公園のブランコは寂しいそうに子供たちを見送った。




■一思案■





今日1日仕事はなかった。いや、ここ最近まるでない。
かぶき町は平和だなぁと思いつつ財布の中を恐る恐る覗く銀時がいた。

「ちきしょー…今日もまたご飯のおかずに食パンか…。」

そんな事を思いつつ、とぼとぼと家路に足を向ける。
すると前に伸びる自分の影に見覚えのある女性が重なった。



「よぉ、今から出勤かぃオネェサン。」

「あら、銀さんじゃない。」


彼女は新八の姉である志村妙であった。その端正な面持ちは一瞬にして周りの男を振り向かせる。

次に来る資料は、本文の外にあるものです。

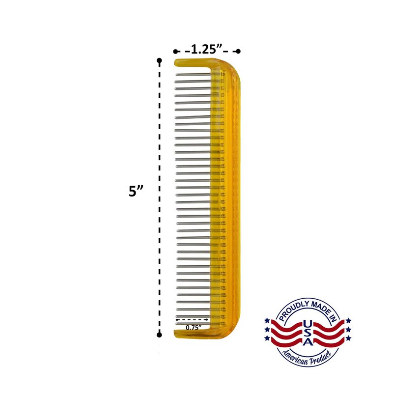 Original Hair Doctor's 5" Comb reduces hair loss and breakage with silky smooth stainless- teeth continuously rotate. Rotating teeth prevents hair from wrapping around the pin which prevents hair from stretching and breaking. Rounded tipped teeth rub and massage the scalp, stimulating circulation and promoting healthy hair and growth. Hair Doctor comb are superior for detangling wet hair because hair is most susceptible to damage when wet. This is due to the hydrogen bonds in the hair that are broken when wet and reformed when dry. A scientific study concluded that rotating teeth are gentle to hair, much more so than conventional combs because the rotation of teeth combined with up and down movement, greatly reduces the pulling force that causes hair to stretch and break. Hair Doctor significantly reduces hair loss and damage especially when combing out wet hair. Hair Doctor uses solid stainless steel teeth that will never tarnish and can be safely disinfected in salon solutions to prevent the spread of dandruff. In addition, teeth are securely sonic welded in the spine which prevents them from coming loose or falling out, keeping children and pets safe from swallowing loose pins. Made in USA. manufactured with precision care in Hoffman Estates, Illinois. Original Hair Doctor News! Hair Doctor invented the original rotating tooth Combs and Brushes to prevent hair loss and breakage and keep hair healthy and beautiful. Original Hair Doctor Combs have sold for more than 16 years and have been manufactured and hand assembled in Hoffman Estates, Illinois by a superior team of veteran employees who love what we do. Over 6 million Combs have sold globally. Still the favorite Comb in Asia. Please contact us anytime and let us know your favorite comb. Also tell us your favorite color so we can build it in the future. Thank you for using Hair Doctor to keep your hair healthy, beautiful and growing.

「今日は仕事はお休みなんです。ちょっとお買い物です。」

「そーかい。俺も今日は休みだ。」

「あらやだ、銀さんは年がら年中ニートを突っ走ってるじゃない。」

「んな事ねぇよ。それに銀さんは体売らないから安心し…」

その瞬間、妙の右ストレートが銀時の左頬をぶち抜いた。

「あら、何かしら。私が体売ってるとでもいいたいの?イヤだわ銀さん殺すわよ。」


うふふと笑いながらも第2発目を振りかざそうとする妙を銀時は必死に宥めた。

「いや、ほらお前の仕事…あんま新八クンの教育に宜しいもんじゃねぇだろ。」

「…分かってます。だけど道場復興と生活の為に仕方なくやってるんです。」

妙は口をつんと尖らせて銀時を睨んだ。

「だからその、あれだあんまり……」

「…?なんです?」

言い詰まる銀時に今度は眉間に皺を寄せた。

「…何でもねぇ。」

「何よ。変な銀さんね。」

妙はしかめた眉を緩めながら笑ってみせた。


辺りは夕陽が落ち始め、2人の影も先程より大分短くなっていた。


「そろそろ帰らなくちゃ。新ちゃんが心配するわ。」
「おぅ」

小さく手を振り、妙はその場を後にした。それが見えなくなるまで銀時はその場に立ち尽くしたまま。
ふと考えた。


『だからその、あれだあんまり……』



答えが分かった瞬間思わず言葉を飲んでしまった。


『だからその、あれだあんまり…男に触れるな。』


自分でも何でそんな事を言おうとしたのか分からない。

妙がキャバクラで働いている事は前から知っている。それについて自分がどうこう言えた義理じゃない事ぐらい承知の上だ。

なのにどうしてだろう。胸の蟠りが消えない。




その頃妙は急ぎ足で新八の待つ家へと向かっていた。
不意に先程銀時が言いかけた言葉が気になった。


“何を言おうとしたのかしら、銀さん。”


銀時とは弟を通じて知り合った。
死んだ魚のような眼をした彼の事など今まで別に気にも留めていなかった。
なのにどうしても先程の言葉の続きが気になって仕様がない。

妙は足を止めた。
そして徐に後ろを振り返った。




もちろん、そこには自分の影だけが小さく纏まっている。





“今度銀さんに逢ったら、続きを教えてもらおう。”

そう思いながら、再び妙は弟の待つ家の方向へと歩きだした。





その反対方向で長らく立ち尽くしていた銀時もようやく家路に踏み出した。












彼は彼女を思い
彼女は彼を思う。





家路までに、
一思案。



それが恋だと気づくのはまだ先のお話し。




fin











あとがき


第1弾なので、ホムペタイトルを使ってみましたWW
なんだかアンニュイなお話しになってしまった…。笑

つかアンニュイってなんやろヽ(゜▽、゜)ノ

次回続いたらいいなぁ。頑張ります(・ω・)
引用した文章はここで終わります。